#### Base Converter

###### A device for learning mathematics by the physical manipulation of numbers

It is widely accepted that creativity in learning mathematics fosters improved know-how and prepares students better for real-world applications of mathematics concepts. However, due to the burden of testing, curricular constraints, as well teacher misconception, creativity in mathematics is often neglected in the classroom.

Base Converter is a creative task focused device that aims to facilitate mathematics teaching and learning using the real-world application of textile weaving. The device introduces primary school aged children (ages 7 to 12) to the concepts of modular arithmetic and alternative numeral systems. It enables them to do basic arithmetic and base conversion operations by physically modelling and manipulating numbers. The device is unique in how it promotes physical number exploration and presents the opportunity to children to formulate their own mathematical problems. A cross between an abacus and a loom, it is a device envisaged to provide creativity enhancing opportunities in mathematics classrooms in a low-cost manner.

## Design Considerations

Compared to the traditional method which involves finding powers and multiples of the base number, Base Converter only requires one type of division and everything else is calculated through the physical weaving process.

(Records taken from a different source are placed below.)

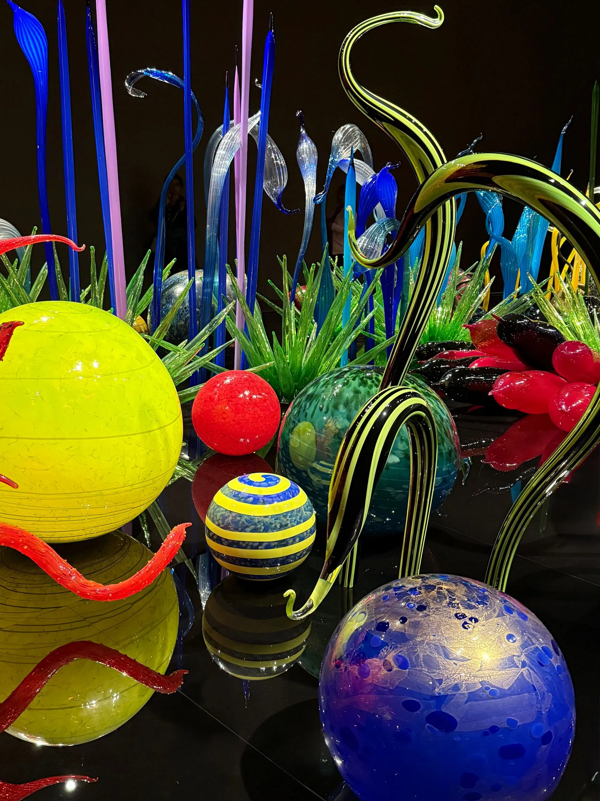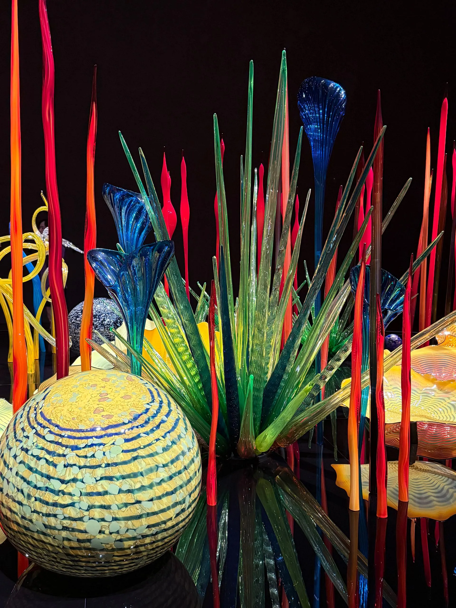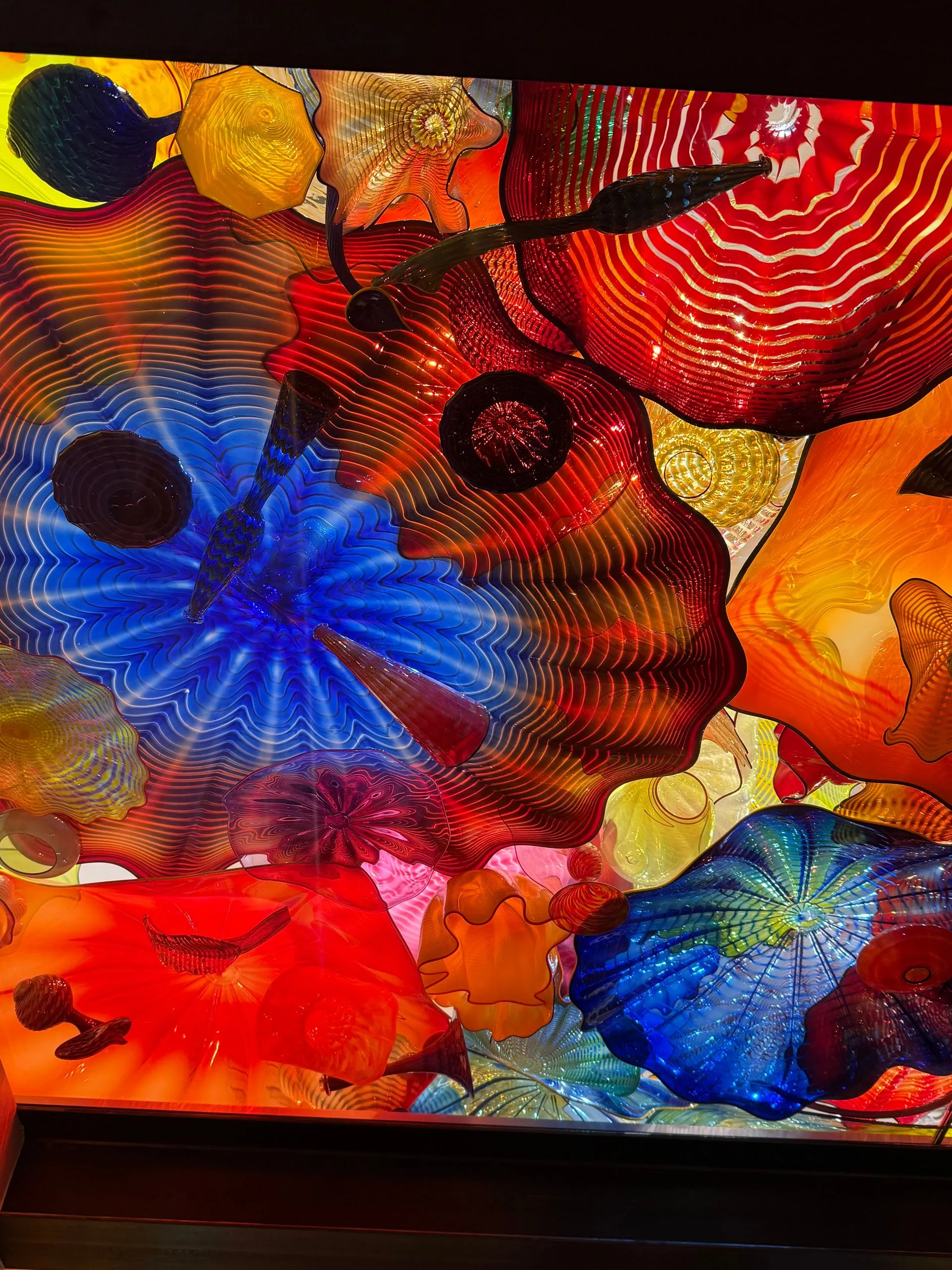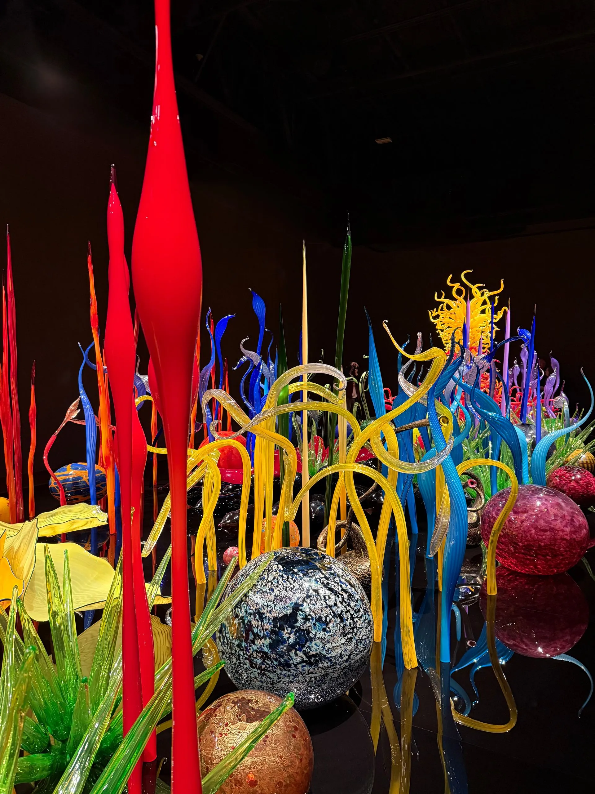 The day started with 6 hours of waiting in Seattle Passport Office with about 20 other ship residents, to get a secondary passport book with 50 pages, to supplement my existing book of 20 pages, as it is quickly filling up with country stamps. Then my good friend Peggy, who recently relocated to Seattle, picked me up and we started the FUN part of the visit. I asked fellow passenger Basia if she wanted to join us and the three of us went to the Dale Chihuly's museum at the base of the Space Needle.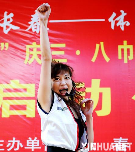 3月8日,長春市民在啟動儀式上表演健美操。當日,由長春市體育局主辦的“慶三八巾幗風采系列健身活動”正式啟動。此次活動歷時3天,包括健身咨詢、體質(zhì)檢測、健身展示、健身指導等內(nèi)容。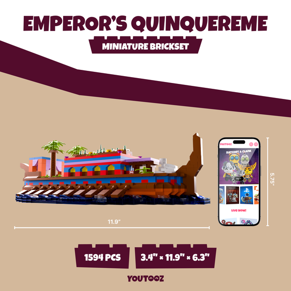 So get ready to sail into your newly conquered territory, one block at a time, with this expertly crafted brickset of The Emperor’s Quinquireme from Anno 117! Gliding effortlessly through clear blue seas with a series of oars extending from either side of its long brown hull that raises into a point at the front, a vast banquet lays outstretched above the colorful red blue and purple structure at its middle as luscious green plants and trees line either side and the Emperor’s lavish tent looks out from the back. Consisting of 1,594 pieces and measuring in at 3.4" × 11.9" × 6.3" with an expertly written instruction booklet to help you build your very own piece of the Roman Empire, this brickset is the perfect addition to your Anno collection or to let everyone know who’s the greatest Emperor!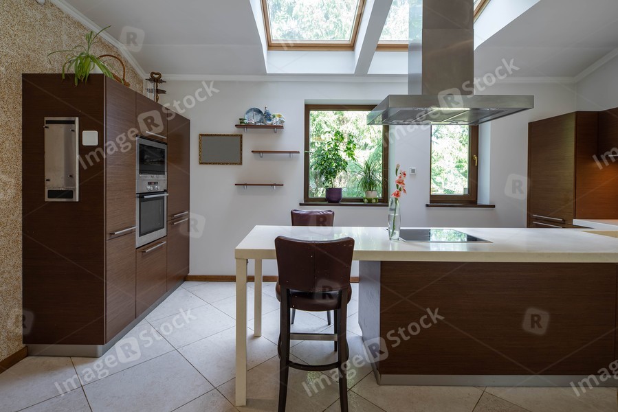 Modern interior of kitchen in spacious luxury apartment. Wooden kitchen set with white counter.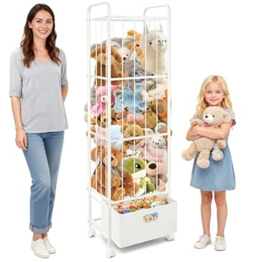 Save 50.0% on Puppiluv Stuffed Animal Storage, Metal Stuff Animals Zoo Holder with Fabric Drawer and Wheels Tall Vertical Plushies Toy Organizer Plush Storage Cage with Elastic Band for Nursery Playroom Corner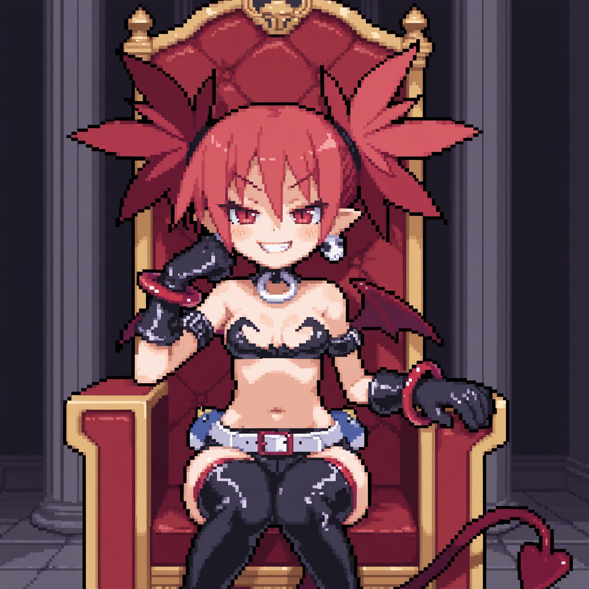 Disgaea 2: Cursed Memories Outfit: etdis, etna (disgaea), demon girl, short twintails, hair tie, red hair, short hair, red eyes, slit pupils, pointy ears, flat chest, demon wings, demon tail, outfit 2, skull earrings, black o-ring choker, black bikini top, strapless, black elbow gloves, black arm belt, red studded bracelet, black miniskirt, side slit, white belt, fanny pack, black thighhighs, red studded anklet, two-tone boots, black boots, red boots

Modular arithmetic is a system of arithmetic for integers, where numbers "wrap around" upon reaching a certain value (the modulus). The system is best explained on a circle and one common use of this is the 12-hour clock. On a clock, the circle is divided into 12 sections. If the clock hand is pointing to section 8 now, then 5 hours later it will be pointing to 1 because clock time "wraps around" every 12 hours with the hour number starting over after reaching 12. This is arithmetic modulo 12. The Base Converter was modeled after the circular loom as circles lend themselves effectively to basic modular arithmetic operations, and basic modular arithmetic is an effective foundation for eventually teaching base conversion to young children.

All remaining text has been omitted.